[[ DATA FOR THIS TASK, beginning ]]

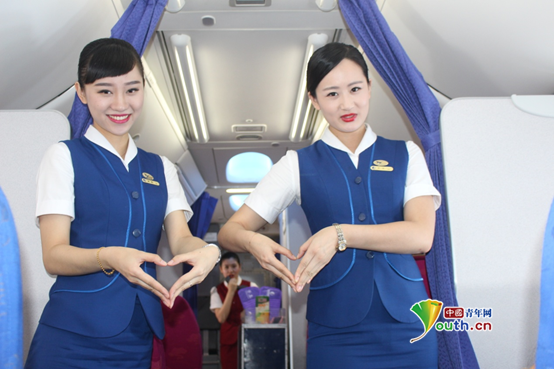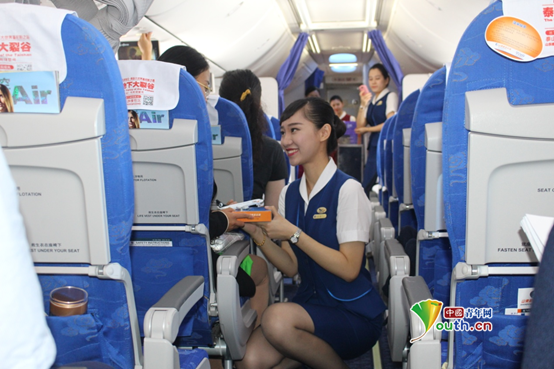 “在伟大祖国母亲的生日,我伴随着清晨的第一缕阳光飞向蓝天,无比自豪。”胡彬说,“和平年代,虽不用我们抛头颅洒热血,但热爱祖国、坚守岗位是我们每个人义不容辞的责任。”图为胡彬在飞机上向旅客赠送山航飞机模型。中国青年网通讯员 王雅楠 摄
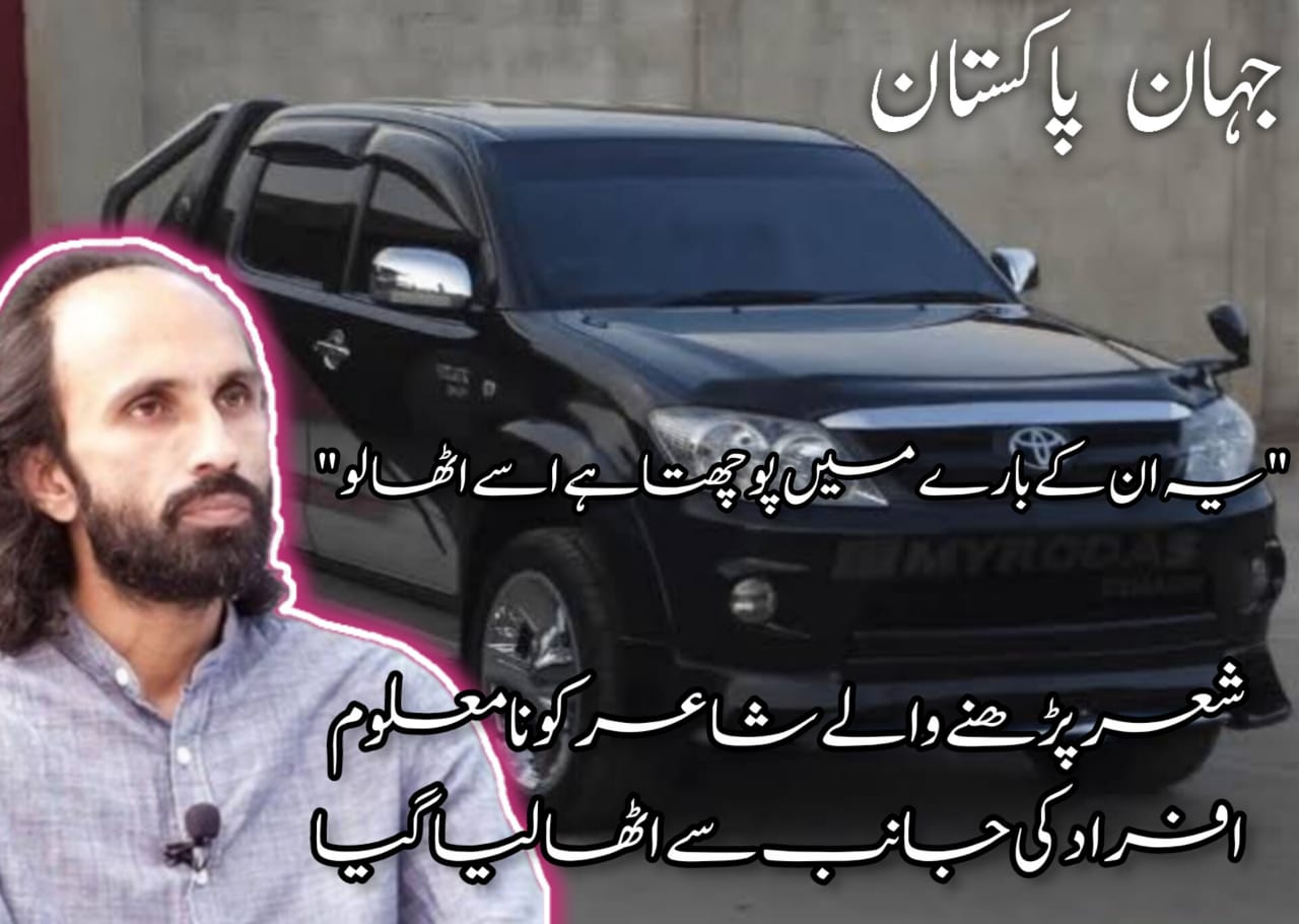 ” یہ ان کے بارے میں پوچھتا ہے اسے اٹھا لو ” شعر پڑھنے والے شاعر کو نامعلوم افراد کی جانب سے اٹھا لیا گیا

[[ DATA FOR THIS TASK, end ]]
[[ DATA FOR THIS TASK, beginning ]]

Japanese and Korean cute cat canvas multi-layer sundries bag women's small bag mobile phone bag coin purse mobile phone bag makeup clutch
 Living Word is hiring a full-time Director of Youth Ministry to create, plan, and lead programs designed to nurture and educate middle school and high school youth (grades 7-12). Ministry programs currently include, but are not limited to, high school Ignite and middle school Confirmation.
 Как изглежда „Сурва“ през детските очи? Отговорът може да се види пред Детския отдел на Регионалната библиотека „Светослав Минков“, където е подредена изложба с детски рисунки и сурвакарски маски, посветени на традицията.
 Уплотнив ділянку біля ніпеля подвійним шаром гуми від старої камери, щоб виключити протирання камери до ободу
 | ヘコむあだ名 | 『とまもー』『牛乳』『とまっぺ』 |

[[ DATA FOR THIS TASK, end ]]

◆ **ACTIVITY**
Transcribe the records above exactly, beginning at the line that contains "Japanese and Korean" and ending with the line that contains "Living Word is", both included, and nothing else.

◆ **EXPECTED OUTPUT**
Japanese and Korean cute cat canvas multi-layer sundries bag women's small bag mobile phone bag coin purse mobile phone bag makeup clutch
 Living Word is hiring a full-time Director of Youth Ministry to create, plan, and lead programs designed to nurture and educate middle school and high school youth (grades 7-12). Ministry programs currently include, but are not limited to, high school Ignite and middle school Confirmation.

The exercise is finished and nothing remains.